Wednesday, February 07, 2018

Yet another dumb idea from the Moron-in-Chief

"The marching orders were:  I want a parade like the one in France" is what a military official said, on promise of anonymity to the Washington Post.  

Yet another example of the man who will undoubtedly go down in history as the worst president in the history of this nation; is doing something dumb.  He sees a military parade in France on Bastille Day and thinks "what a great idea, we should do that."

Reports are that the parade might be held on Veterans Day.  

Let's compare and contrast Bastille Day with Veterans Day.

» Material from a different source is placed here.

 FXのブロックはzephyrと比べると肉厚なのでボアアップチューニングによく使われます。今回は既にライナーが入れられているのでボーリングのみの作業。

Bastille Day celebrates several things, beginning with the anniversary of the storming of the Bastille.  That took place on July 14, 1789.  One year later, France held the Fête de la Fédération.  It was not a celebration of the storming of the Bastille, but of the unity of the people of France.  It was also held to symbolize peace itself.  That became the holiday we know today as Bastille Day.

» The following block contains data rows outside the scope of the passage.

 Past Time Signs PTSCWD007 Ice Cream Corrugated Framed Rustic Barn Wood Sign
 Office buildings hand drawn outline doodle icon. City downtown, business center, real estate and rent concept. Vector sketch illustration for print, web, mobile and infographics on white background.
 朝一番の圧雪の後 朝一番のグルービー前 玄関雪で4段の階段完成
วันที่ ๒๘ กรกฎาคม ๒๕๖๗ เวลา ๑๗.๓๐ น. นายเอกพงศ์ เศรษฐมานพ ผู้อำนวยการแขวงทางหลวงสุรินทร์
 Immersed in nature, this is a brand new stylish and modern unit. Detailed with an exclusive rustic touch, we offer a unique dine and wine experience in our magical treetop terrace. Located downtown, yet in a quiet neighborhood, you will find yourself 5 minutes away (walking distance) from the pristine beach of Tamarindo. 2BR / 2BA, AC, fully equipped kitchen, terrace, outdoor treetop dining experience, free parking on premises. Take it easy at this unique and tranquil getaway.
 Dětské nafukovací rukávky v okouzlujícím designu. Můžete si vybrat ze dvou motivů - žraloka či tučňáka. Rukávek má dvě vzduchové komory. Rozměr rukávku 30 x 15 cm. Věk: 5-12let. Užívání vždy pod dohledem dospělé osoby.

Veterans Day in the U.S. began as Armistice Day.  It was first celebrated on November 11, 1919 when then President Woodrow Wilson issued this message:

ADDRESS TO FELLOW-COUNTRYMEN
The White House, November 11, 1919.

A year ago today our enemies laid down their arms in accordance with an armistice which rendered them impotent to renew hostilities, and gave to the world an assured opportunity to reconstruct its shattered order and to work out in peace a new and juster set of international relations. The soldiers and people of the European Allies had fought and endured for more than four years to uphold the barrier of civilization against the aggressions of armed force. We ourselves had been in the conflict something more than a year and a half.

With splendid forgetfulness of mere personal concerns, we remodeled our industries, concentrated our financial resources, increased our agricultural output, and assembled a great army, so that at the last our power was a decisive factor in the victory. We were able to bring the vast resources, material and moral, of a great and free people to the assistance of our associates in Europe who had suffered and sacrificed without limit in the cause for which we fought.

Out of this victory there arose new possibilities of political freedom and economic concert. The war showed us the strength of great nations acting together for high purposes, and the victory of arms foretells the enduring conquests which can be made in peace when nations act justly and in furtherance of the common interests of men.

To us in America the reflections of Armistice Day will be filled with solemn pride in the heroism of those who died in the country’s service, and with gratitude for the victory, both because of the thing from which it has freed us and because of the opportunity it has given America to show her sympathy with peace and justice in the councils of nations.

WOODROW WILSON

Today we celebrate Veterans Day to pay tribute to the men and women who have served in uniform.  We have another holiday, Memorial Day, to pay tribute to those who perished while serving our nation.  We have Armed Forces Day, the third Saturday in May each year.
A celebration to pay tribute to those of us who have served, should not be a display of our nation's military might.  We don't need to do that.  It is very easy to pay tribute to veterans without parading tanks down Pennsylvania Avenue.  
China has a large annual parade of its military.  So do Russia and North Korea.  See anything else those nations have in common?  A lack of freedoms.
A man who boasts about having a bigger nuclear "button" than another world leader who now wants a military parade should concern everyone.  
Aside from the bad message such a parade would send, it would also be a colossal waste of money.  In the year after this fool pushed a tax reform plan through the Congress that will add $1.5 trillion to our national debt over the next decade, a military parade makes no sense from a fiscal standpoint.  This from the man who promised to cut government waste.